After that, the CLI shows the first Mainnet Ledger address.

Ledger address: P-avax1kdzq569g2c9urm9887cmldlsa3w3jhxe0knfy5

Set Control Keys

Next the CLI asks the user to specify the control keys. This is where you setup your multisig.

Configure which addresses may make changes to the subnet.
These addresses are known as your control keys. You are going to also
set how many control keys are required to make a subnet change (the threshold).
Use the arrow keys to navigate: ↓ ↑ → ←
? How would you like to set your control keys?:
▸ Use ledger address
Custom list

Select Custom list and add every address that you'd like to be a key holder on the multisig.

✔ Custom list
? Enter control keys:
▸ Add
Delete
Preview
More Info
↓ Done

Use the given menu to add each key, and select Done when finished.

The output at this point should look something like:

✔ Custom list
✔ Add
Enter P-Chain address (Example: P-...): P-avax1wryu62weky9qjlp40cpmnqf6ml2hytnagj5q28
✔ Add
Enter P-Chain address (Example: P-...): P-avax1kdzq569g2c9urm9887cmldlsa3w3jhxe0knfy5
✔ Add
Enter P-Chain address (Example: P-...): P-avax12gcy0xl0al6gcjrt0395xqlcuq078ml93wl5h8
✔ Add
Enter P-Chain address (Example: P-...): P-avax1g7nkguzg8yju8cq3ndzc9lql2yg69s9ejqa2af
✔ Add
Enter P-Chain address (Example: P-...): P-avax1g4eryh40dtcsltmxn9zk925ny07gdq2xyjtf4g
✔ Done
Your Subnet's control keys: [P-avax1wryu62weky9qjlp40cpmnqf6ml2hytnagj5q28 P-avax1kdzq569g2c9urm9887cmldlsa3w3jhxe0knfy5 P-avax12gcy0xl0al6gcjrt0395xqlcuq078ml93wl5h8 P-avax1g7nkguzg8yju8cq3ndzc9lql2yg69s9ejqa2af P-avax1g4eryh40dtcsltmxn9zk925ny07gdq2xyjtf4g]
note

When deploying a Subnet with Ledger's, you must include the Ledger's default address determined in Specify Network for the deployment to succeed. You may see an error like

Error: wallet does not contain subnet auth keys
exit status 1

Set Threshold

Next, specify the threshold. In your N of M multisig, your threshold is N, and M is the number of control keys you added in the previous step.
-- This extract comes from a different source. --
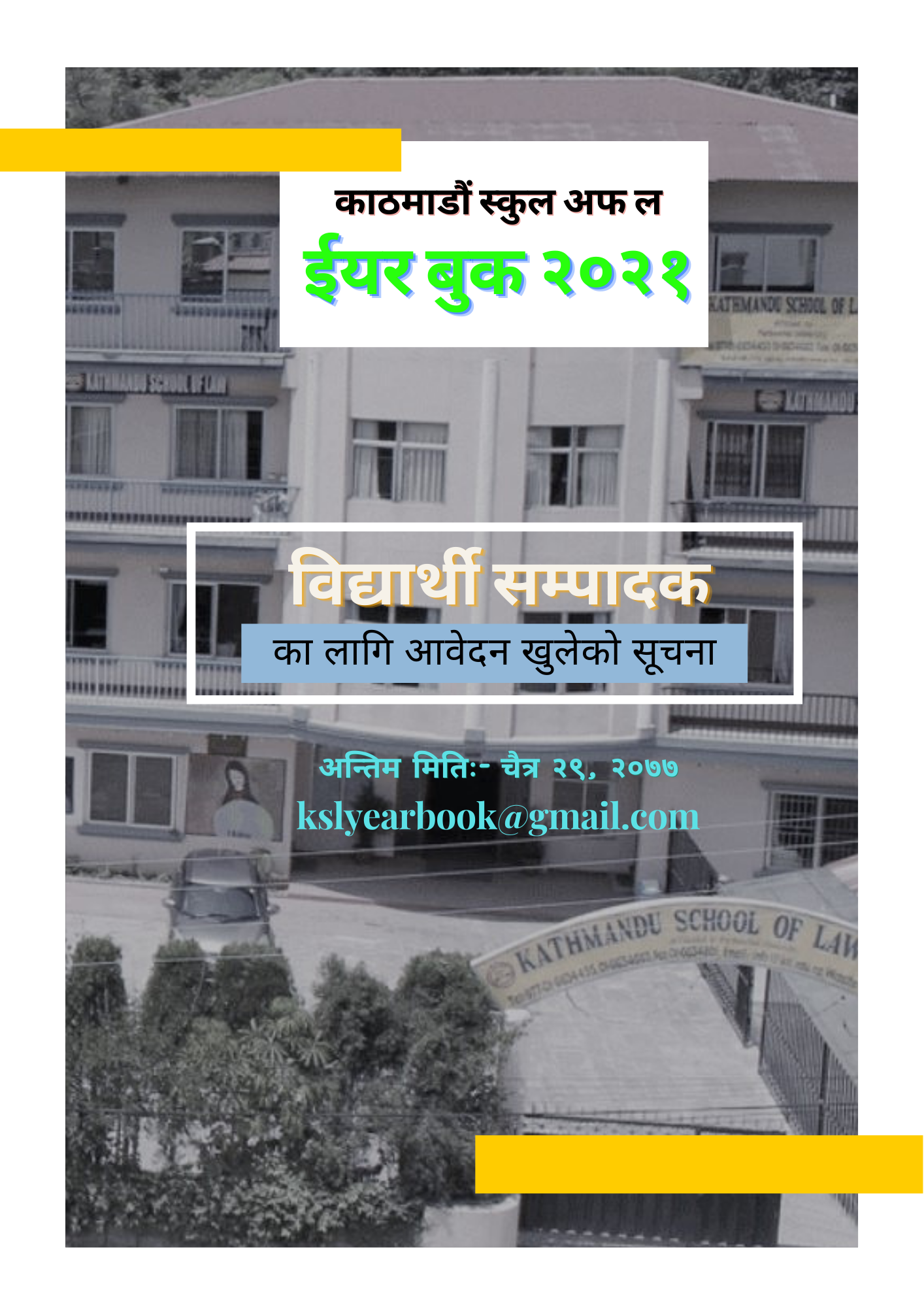 यदि तपाईँ इच्क्षुक हुनुहुन्छ भने हामीलाई "kslyearbook@gmail.com" मा इमेल गर्न सक्नु हुनेछ।

Use the arrow keys to navigate: ↓ ↑ → ←
? Select required number of control key signatures to make a subnet change:
▸ 1
2
3
4
5

Specify Control Keys to Sign the Chain Creation TX

You now need N of your key holders to sign the Subnet deployment transaction. You must select which addresses you want to sign the TX.
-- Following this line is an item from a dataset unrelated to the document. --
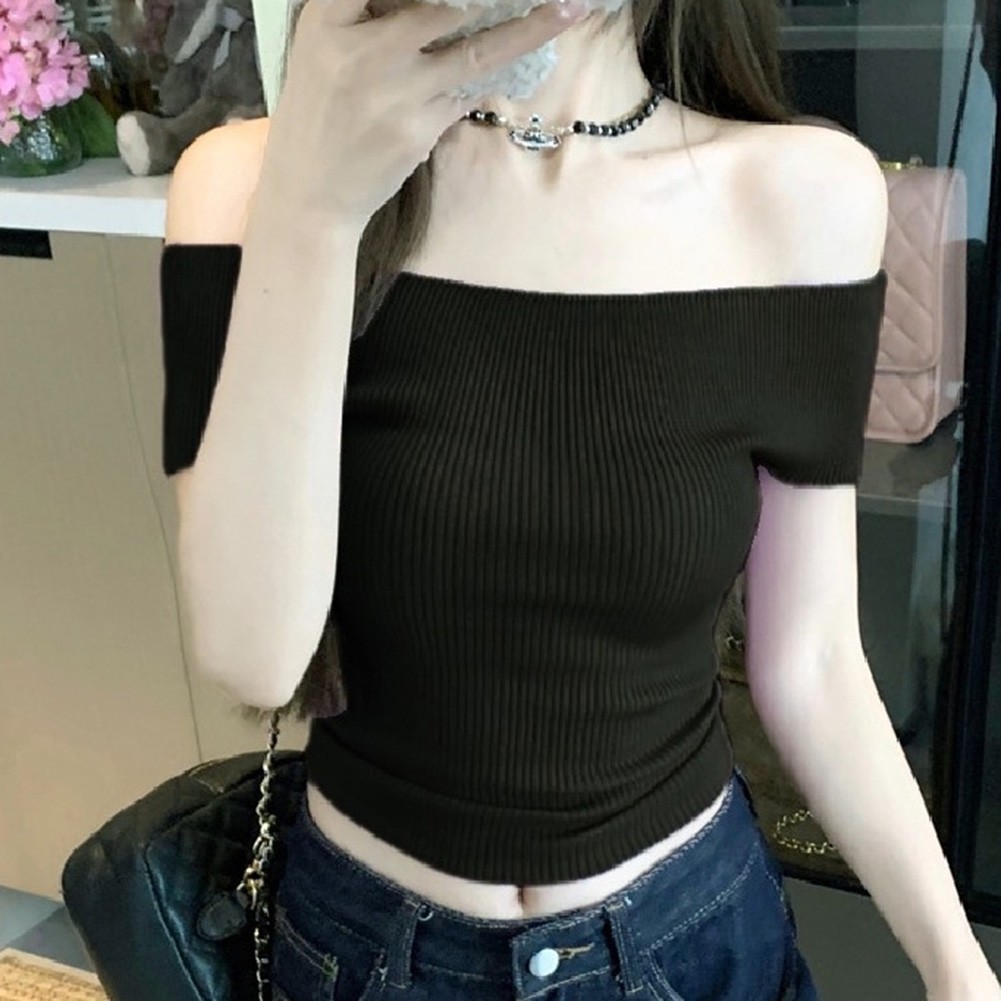 T-shirt femme chic été épaules dénudées à manches courtes style décontrac

? Choose a subnet auth key:
▸ P-avax1wryu62weky9qjlp40cpmnqf6ml2hytnagj5q28
P-avax1kdzq569g2c9urm9887cmldlsa3w3jhxe0knfy5
P-avax12gcy0xl0al6gcjrt0395xqlcuq078ml93wl5h8
P-avax1g7nkguzg8yju8cq3ndzc9lql2yg69s9ejqa2af
P-avax1g4eryh40dtcsltmxn9zk925ny07gdq2xyjtf4g

A successful control key selection looks like:

✔ 2
✔ P-avax1kdzq569g2c9urm9887cmldlsa3w3jhxe0knfy5
✔ P-avax1g7nkguzg8yju8cq3ndzc9lql2yg69s9ejqa2af
Your subnet auth keys for chain creation: [P-avax1kdzq569g2c9urm9887cmldlsa3w3jhxe0knfy5 P-avax1g7nkguzg8yju8cq3ndzc9lql2yg69s9ejqa2af]
*** Please sign subnet creation hash on the ledger device ***

Potential Errors

If the currently connected Ledger address isn't included in your TX signing group, the operation fails with:

✔ 2
✔ P-avax1g7nkguzg8yju8cq3ndzc9lql2yg69s9ejqa2af
✔ P-avax1g4eryh40dtcsltmxn9zk925ny07gdq2xyjtf4g
Your subnet auth keys for chain creation: [P-avax1g7nkguzg8yju8cq3ndzc9lql2yg69s9ejqa2af P-avax1g4eryh40dtcsltmxn9zk925ny07gdq2xyjtf4g]
Error: wallet does not contain subnet auth keys
exit status 1

This can happen either because the original specified control keys -previous step- don't contain the Ledger address, or because the Ledger address control key wasn't selected in the current step.

If the user has the correct address but doesn't have sufficient balance to pay for the TX, the operation fails with:

✔ 2
✔ P-avax1g7nkguzg8yju8cq3ndzc9lql2yg69s9ejqa2af
✔ P-avax1g4eryh40dtcsltmxn9zk925ny07gdq2xyjtf4g
Your subnet auth keys for chain creation: [P-avax1g7nkguzg8yju8cq3ndzc9lql2yg69s9ejqa2af P-avax1g4eryh40dtcsltmxn9zk925ny07gdq2xyjtf4g]
*** Please sign subnet creation hash on the ledger device ***
Error: insufficient funds: provided UTXOs need 1000000000 more units of asset "rgNLkDPpANwqg3pHC4o9aGJmf2YU4GgTVUMRKAdnKodihkqgr"
exit status 1

Sign Subnet Deployment TX with the First Address

The Subnet Deployment TX is ready for signing.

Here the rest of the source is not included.